Making: 1. the act of a person or thing that makes. Make: 1. to bring into existence by shaping, changing, or combining material.

[Random House, 1995, Webster’s College Dictionary]

Often the words “craft” and “making” are used as synonymous. According to the above definitions, if somebody performs a “craft”, the end product is important. A skilled (and often trained) craftsman creates an object, often with a focus on the æsthetics. “Making” can describe exactly the same action—however here, the focus is on the process itself and not on the end product. Sometimes, the result does not even really matter. Also, “making” can be performed by anybody, not only trained or skilled persons.

Different implications are given to the word craft as the emphasis shifts away from material towards technique and process. “Actions, technical processes, specific materials are a description of craft”, writes Howard Risatti in his book A Theory of Craft [Risatti, 2007, p. 16].

Glenn Adamson sees craft as a process. Not only the end result is craft, the process of mak- ing something is craft. Adding to this, he also questions the unfairly undervaluing of the crafts compared to art: “Craft is not a defined practice, but a way of thinking through practices of all kinds, and there is no reason that any medium or genre of production should be more conducive to this way of thinking than another.” [Adamson, 2007, Introduction]

Richard Sennett, in his book Handwerk [Sennett, 2009], sees craft not only in the traditional understanding of a carpenter or goldsmith etc. He sees craft also in playing music, programming or cooking.

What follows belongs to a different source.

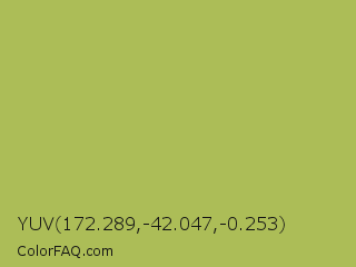 YUV 172.289,-42.047,-0.253 Color is a normal yellow color and the nearest color is Middle Green Yellow #acbf60. Hex code #acbd57 and RGB value is rgb(172,189,87). In RGB color space, this color is composed of 67% red, 74% green, 34% blue, In CMYK color space, this color is composed of 9% cyan, 0% magenta, 54% yellow , 26% black , In HSL color space, this color has a hue angle of 70° , 44% saturation and 54% lightness.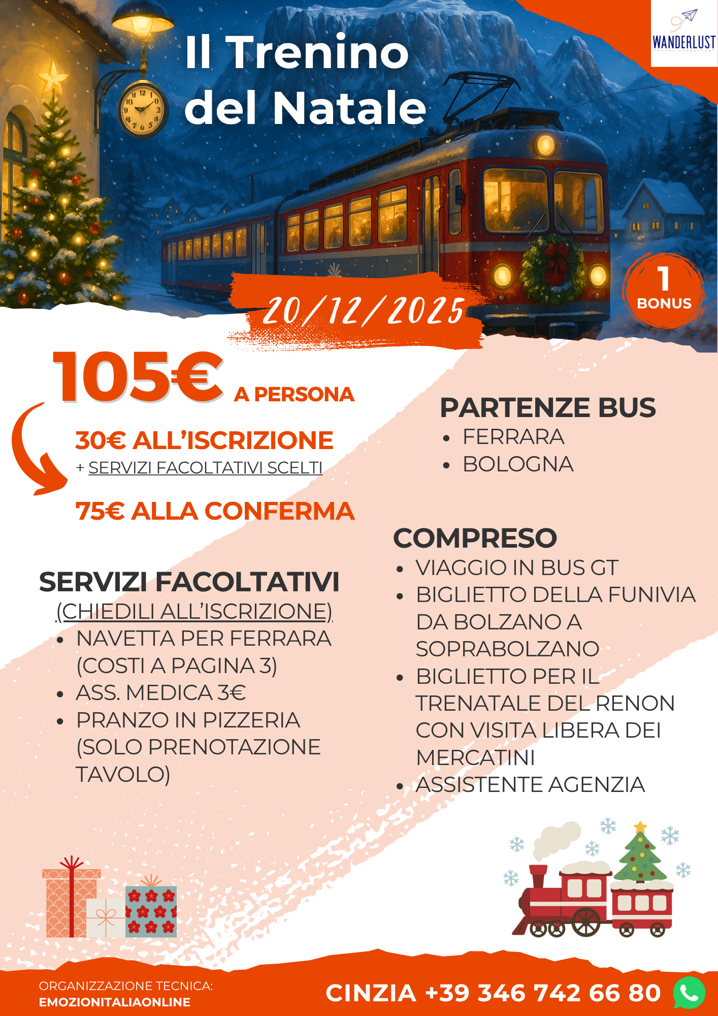 Partiremo in bus da Bologna e Ferrara in direzione Bolzano, dove saliremo a bordo della suggestiva funivia del Renon: un percorso panoramico di circa 12 minuti che regala una vista spettacolare sui tetti di Bolzano e sulle cime innevate delle Dolomiti. Giunti a Soprabolzano, ci immergeremo nell’atmosfera fiabesca dei mercatini di Natale, tra bancarelle di legno, profumo di vin brulè e specialità altoatesine. Durante il tempo libero sarà possibile pranzare in una pizzeria-ristorante convenzionata (prenotazione obbligatoria all’iscrizione). Nel primo pomeriggio saliremo sul Trenatale del Renon, che attraversa incantevoli paesaggi alpini fino a Costalovara, per visitare il Maso Plattner, antica casa contadina oggi sede del Museo dell’Apicoltura. All’interno si trovano collezioni storiche, strumenti tradizionali e filmati dedicati al mondo delle api. Durante il periodo natalizio l’ingresso è gratuito e all’arrivo saremo accolti con un drink di benvenuto. Anche qui non mancheranno espositori con prodotti artigianali e idee regalo. In seguito riprenderemo il treno verso Collalbo. Qui l’artigianato artistico è protagonista: prodotti fatti a mano, decorazioni natalizie e creazioni uniche realizzate da espositori locali di Bolzano e dintorni. In circa dieci minuti a piedi si raggiunge il centro del paese, dove continuano le esposizioni e degustazioni di prodotti tipici. Al termine della visita raggiungeremo il bus per il rientro verso casa.

The definition of craft used in this essay is to create something by using tools, by using the hands, or even the body. The process of making is very important to me, but obvioulsy, as an artist, also the outcome counts. I see the use of tools together with the skilled making to gain a result as craft. This is how I perceive it.

3.2 Tools

Tool: 1. an implement, esp. one held in the hand, as a hammer, saw, or file, for performing or facilitating mechanical operations. 2. any instrument of manual operation. 3. the cutting or machining part of a lathe, planer, drill, or similar machine. 4. the machine itself; a machine tool. 5. anything used as a means of accomplishing a task or purpose: Education is a tool for success. [Random House, 1995, Webster’s College Dictionary]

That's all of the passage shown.